**RAW DATA**
══════════

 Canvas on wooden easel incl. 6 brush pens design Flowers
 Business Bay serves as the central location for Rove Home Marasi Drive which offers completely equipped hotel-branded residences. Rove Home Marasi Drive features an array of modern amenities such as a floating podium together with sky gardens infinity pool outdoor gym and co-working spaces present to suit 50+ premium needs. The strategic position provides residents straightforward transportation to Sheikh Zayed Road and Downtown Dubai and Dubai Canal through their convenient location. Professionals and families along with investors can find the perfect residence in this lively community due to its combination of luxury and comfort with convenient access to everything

══════════

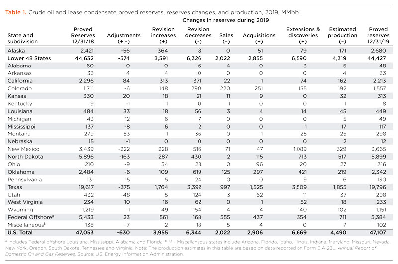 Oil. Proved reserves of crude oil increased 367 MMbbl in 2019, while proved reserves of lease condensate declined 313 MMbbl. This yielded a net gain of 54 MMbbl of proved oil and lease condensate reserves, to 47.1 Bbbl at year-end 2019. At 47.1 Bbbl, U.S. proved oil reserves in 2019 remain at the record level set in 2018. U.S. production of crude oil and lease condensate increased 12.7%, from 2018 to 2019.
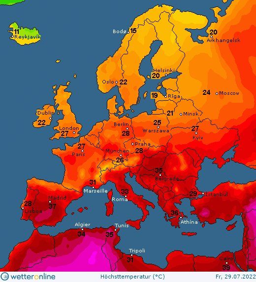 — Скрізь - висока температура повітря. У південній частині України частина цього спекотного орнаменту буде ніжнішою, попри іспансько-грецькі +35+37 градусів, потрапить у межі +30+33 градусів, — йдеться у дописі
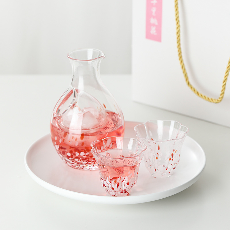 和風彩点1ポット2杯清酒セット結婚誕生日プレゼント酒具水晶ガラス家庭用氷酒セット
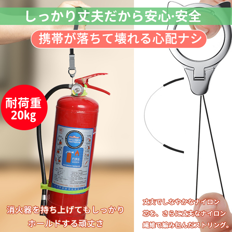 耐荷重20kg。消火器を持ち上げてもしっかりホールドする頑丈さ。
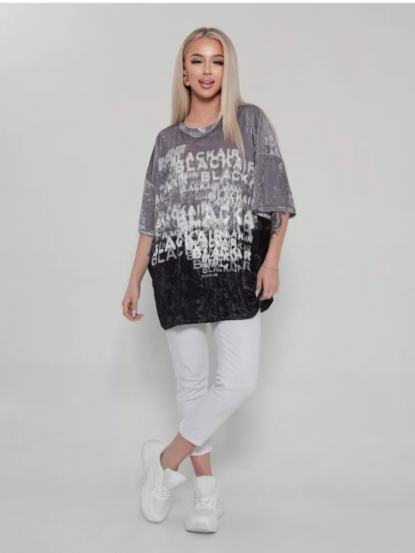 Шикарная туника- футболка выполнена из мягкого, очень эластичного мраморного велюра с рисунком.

══════════

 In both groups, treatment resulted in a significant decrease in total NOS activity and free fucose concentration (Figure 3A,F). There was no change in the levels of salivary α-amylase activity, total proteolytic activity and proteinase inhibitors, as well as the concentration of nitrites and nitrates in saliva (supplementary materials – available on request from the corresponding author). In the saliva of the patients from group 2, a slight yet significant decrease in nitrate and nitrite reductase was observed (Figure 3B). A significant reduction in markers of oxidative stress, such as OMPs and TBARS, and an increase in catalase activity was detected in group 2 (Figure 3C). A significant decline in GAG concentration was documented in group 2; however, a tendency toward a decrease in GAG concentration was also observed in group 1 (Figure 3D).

══════════

**WHAT YOU WILL DO**
Check each line of the records for the string "such" and copy those that have it.

**SOLUTION TO THE EXERCISE**
 Business Bay serves as the central location for Rove Home Marasi Drive which offers completely equipped hotel-branded residences. Rove Home Marasi Drive features an array of modern amenities such as a floating podium together with sky gardens infinity pool outdoor gym and co-working spaces present to suit 50+ premium needs. The strategic position provides residents straightforward transportation to Sheikh Zayed Road and Downtown Dubai and Dubai Canal through their convenient location. Professionals and families along with investors can find the perfect residence in this lively community due to its combination of luxury and comfort with convenient access to everything
 In both groups, treatment resulted in a significant decrease in total NOS activity and free fucose concentration (Figure 3A,F). There was no change in the levels of salivary α-amylase activity, total proteolytic activity and proteinase inhibitors, as well as the concentration of nitrites and nitrates in saliva (supplementary materials – available on request from the corresponding author). In the saliva of the patients from group 2, a slight yet significant decrease in nitrate and nitrite reductase was observed (Figure 3B). A significant reduction in markers of oxidative stress, such as OMPs and TBARS, and an increase in catalase activity was detected in group 2 (Figure 3C). A significant decline in GAG concentration was documented in group 2; however, a tendency toward a decrease in GAG concentration was also observed in group 1 (Figure 3D).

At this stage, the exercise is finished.